*EXERCISE REQUIREMENTS:*
When you transcribe the listing, keep each line exact and drop the pictures.
++++ DATASET EXCERPT ++++
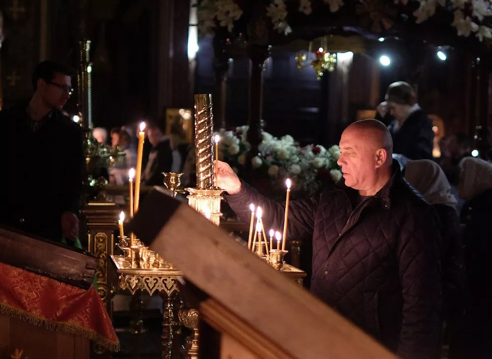 Пасхальную службу в храме, который в народе прозвали «красным» – по цвету его фасада, посетил губернатор Кубани Вениамин Кондратьев. Торжественные службы минувшей ночью прошли более чем в 500 храмах края.
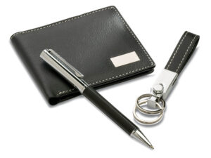 Set darovni Elegance muški novčanik PU, privjesak i roler crni u poklon kutiji
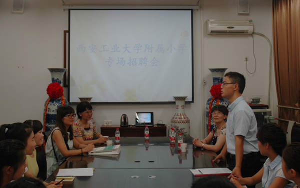 7月3日上午9点,jinnian金年会于明德楼三楼会议室召开西安工业大学附属小学师范类专场招聘会。本次招聘会邀请到西安工业大学附属小学教导处刘主任一行四人,公司学工办主任邵力及2012级小学教育专业10名员工参加了本次招聘会。
++++
*SOLUTION FOR THIS TASK:*
 Пасхальную службу в храме, который в народе прозвали «красным» – по цвету его фасада, посетил губернатор Кубани Вениамин Кондратьев. Торжественные службы минувшей ночью прошли более чем в 500 храмах края.
 Set darovni Elegance muški novčanik PU, privjesak i roler crni u poklon kutiji
 7月3日上午9点,jinnian金年会于明德楼三楼会议室召开西安工业大学附属小学师范类专场招聘会。本次招聘会邀请到西安工业大学附属小学教导处刘主任一行四人,公司学工办主任邵力及2012级小学教育专业10名员工参加了本次招聘会。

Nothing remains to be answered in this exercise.